Assignment
With the pictures left out, write out exactly the lines of the listing below that run from the line with "Questi shorts in" through the line with "на тему: Изучение".

Raw data
--- START ---
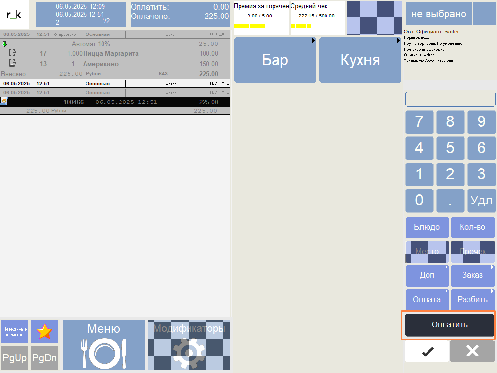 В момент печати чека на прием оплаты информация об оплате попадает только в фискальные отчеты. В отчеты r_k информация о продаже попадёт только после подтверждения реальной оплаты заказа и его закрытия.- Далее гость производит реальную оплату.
--- END ---
--- START ---
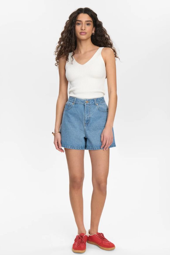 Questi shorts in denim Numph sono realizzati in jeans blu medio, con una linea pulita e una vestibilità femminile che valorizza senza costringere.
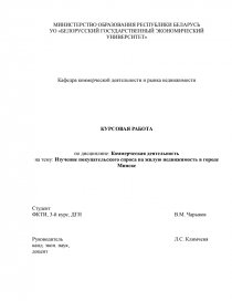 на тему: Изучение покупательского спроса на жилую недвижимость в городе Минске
--- END ---
--- START ---
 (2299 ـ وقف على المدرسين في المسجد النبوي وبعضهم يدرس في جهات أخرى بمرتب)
--- END ---
Response below
 Questi shorts in denim Numph sono realizzati in jeans blu medio, con una linea pulita e una vestibilità femminile che valorizza senza costringere.
 на тему: Изучение покупательского спроса на жилую недвижимость в городе Минске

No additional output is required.